There was no one in the corridors or in the outer rooms of the big ship. When Kator got to the gathering room, they were all there, lying silent. As he had expected, they had not followed his orders to return to the Ruml Homeworld. Indeed, with the ship locked and the keys lost with their Keysman, they could not have raised ship except by an extreme butchery of their controls, or navigated her once they had raised her. They had assumed, as Kator had planned, that their Keysman-no doubt wounded and dying on the planet below-had been half-delirious and forgetful of the fact he had locked the ship and taken her keys.
With a choice between a slow death and a fast, they had taken the reasonable choice; and suicided politely, with the lesser ranks first and the Captain last.
Kator smiled, and went to examine the ship's recorder. The Captain had recited a full account of the conversation with Kator, and the Expedition's choice of action. Kator turned back to the waiting bodies.
The Expedition's ship had cargo space. He carried the dead bodies into it and set the space at below freezing temperature so that the bodies could be returned to their families-that in itself would be a point in his favor when he returned. Then he unlocked the ship, and checked the controls.
There was no great difference between any of the space-going vessels of the Ruml; and one man could handle the large Expedition ship as well as the smallest scout. Kator set a course for the Ruml Homeworld and broke the ship free of the moon's surface into space.
As soon as he was free of the solar system, he programmed his phase shift mechanism, and left the ship to take itself across immensity. He went back to his own quarters.

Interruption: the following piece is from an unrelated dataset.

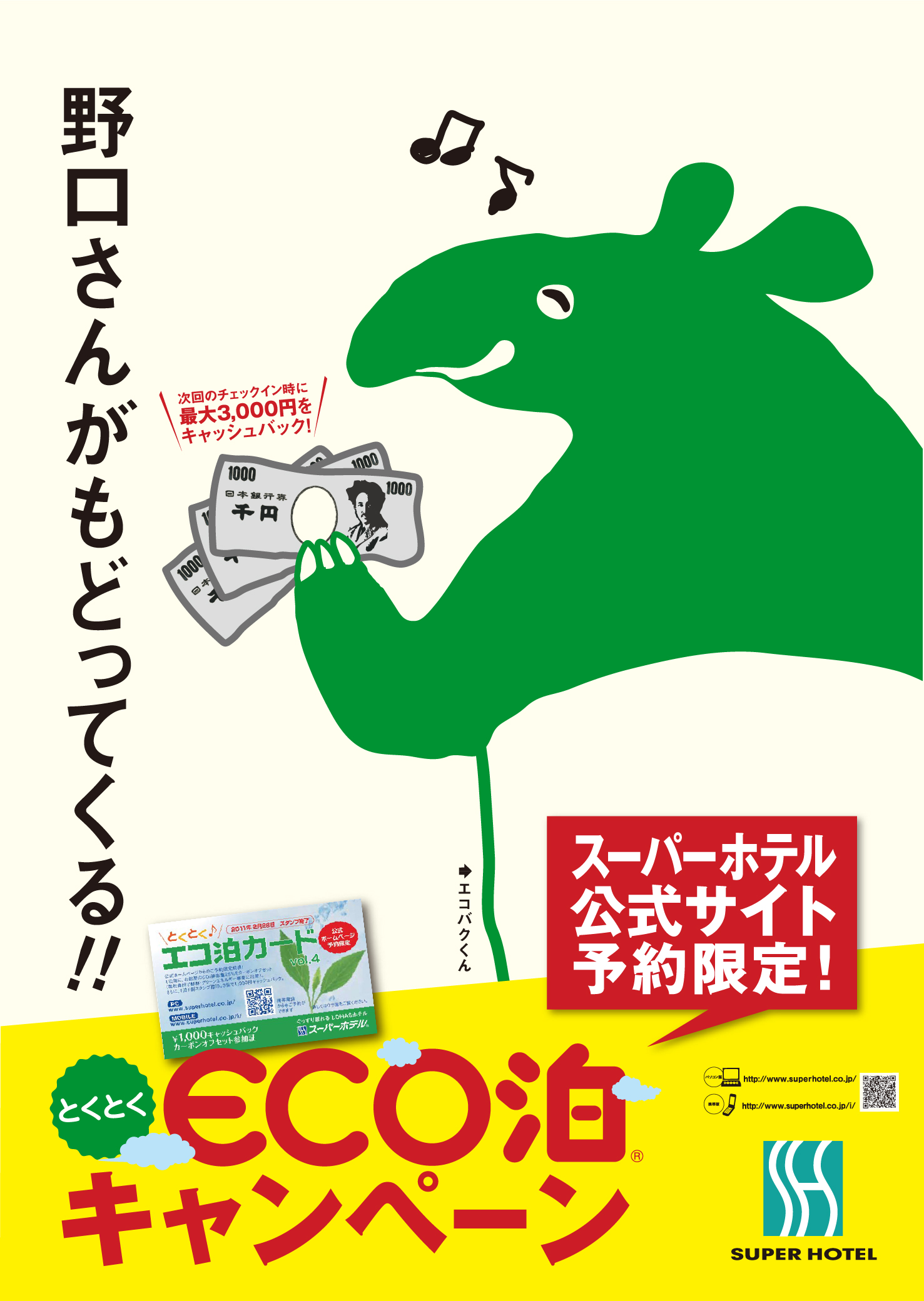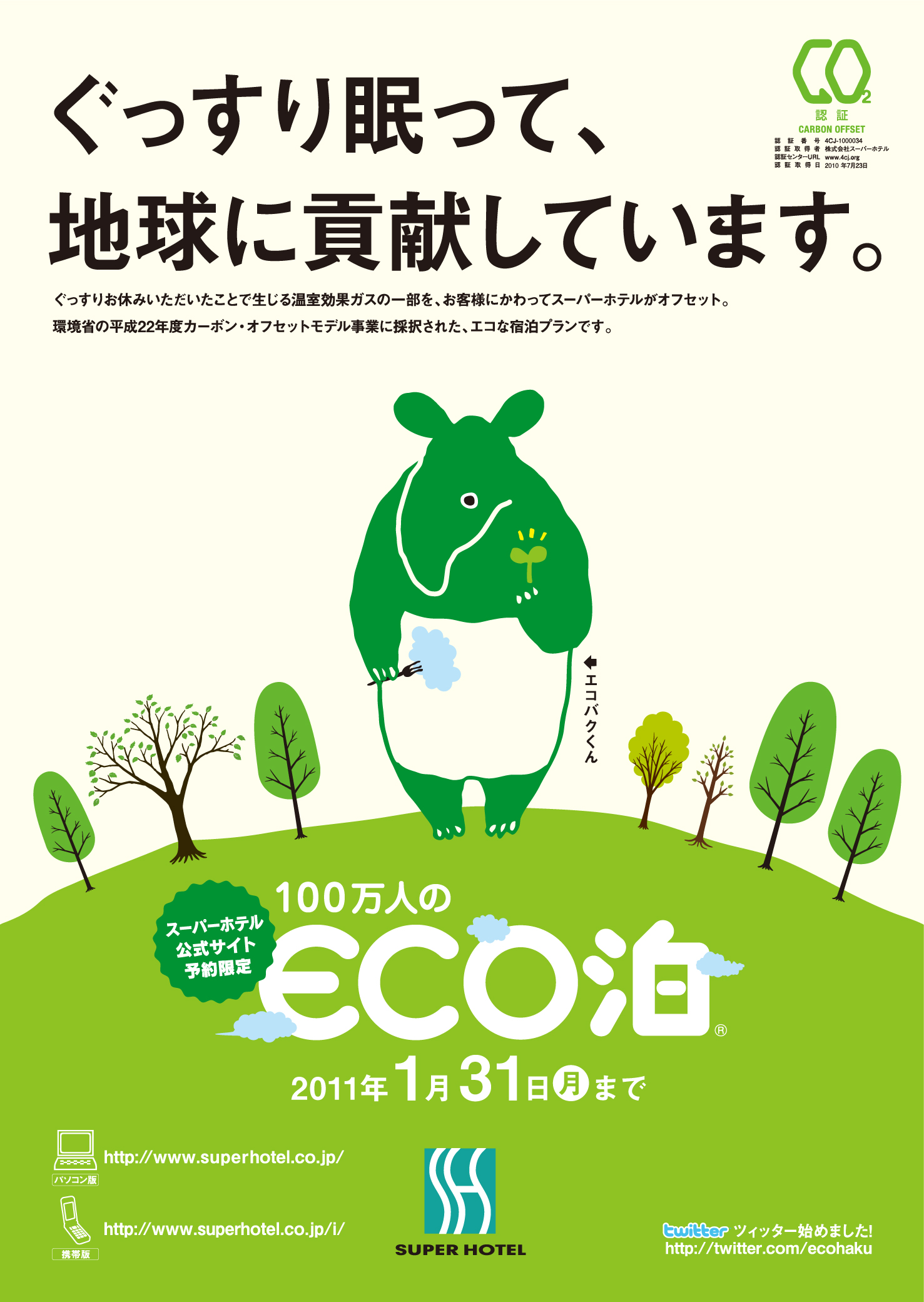 株式会社スーパーホテル(本社:大阪府大阪市 代表取締役社長 山村孝雄)は、2010年11月1日~「100万人のエコ泊(カーボン・オフセット)」キャンペーンを開始しますので、お知らせ申し上げます。今回の「100万人のエコ泊(カーボン・オフセット)キャンペーン」は、11/1~1/31にスーパーホテル全94店で実施いたします。期間中インターネットから宿泊予約いただく方の宿泊にかかわるCO2の25%分をオフセットするものです。また、キャンペーン専用ページを作成するとともに、ツイッター等を活用し、20代~30代の環境意識の高いビジネスパーソンに幅広く告知し、カーボン・オフセットの普及啓発に努めるとともに、エコ泊利用者の増加、CO2削減量の増加をめざします。

There, things were as they had been before he had gone down to the planet of the Muffled People. He opened a service compartment to take out food, and he lifted out also one of the alcohol-producing cultures. But when he had taken this last back with the food to the table that held his papers, badges, and the cube containing the worm, he felt disinclined to swallow the culture.
The situation was too solemn, too great, for drunkenness.
He laid the culture down and took up the cube containing the worm. He held it to the light above the table. In that light the worm seemed almost alive. It seemed to turn and bow to him. He laid the cube back down on the table and walked across to put his smashed recording device in a resolving machine that would project its story onto a life-size cube of the room's atmosphere. Then, as the lights about him dimmed, and the morning he had seen as he emerged from his small ship the morning of that same day, he hunkered down on a seat with a sigh of satisfaction.
It is not every man who is privileged to review a few short hours in which he has gained a Kingdom.
The Expedition ship came back to the Ruml Homeworld, and its single surviving occupant was greeted with the sort of excitement that had not occurred in the lifetime of anyone then living. After several days of due formalities, the moment of real business arrived, and Kator Secondcousin Bruto gas was summoned to report to the heads of the fifty great families of the Homeworld. Now those families would number fifty-one, for The Brutogas would after this day-at which he was only an invited observer-be listed among their number. Fifty-one long-whiskered male Rumls, therefore, took their seats in a half-circle facing a small stage, and out onto that stage came Kator Secondcousin to salute them all with claws over the region of his heart.
"Keysman," said the eldest family head present, "give us your report."
Kator saluted again. His limp was almost gone now but his whiskers were barely grown a few inches.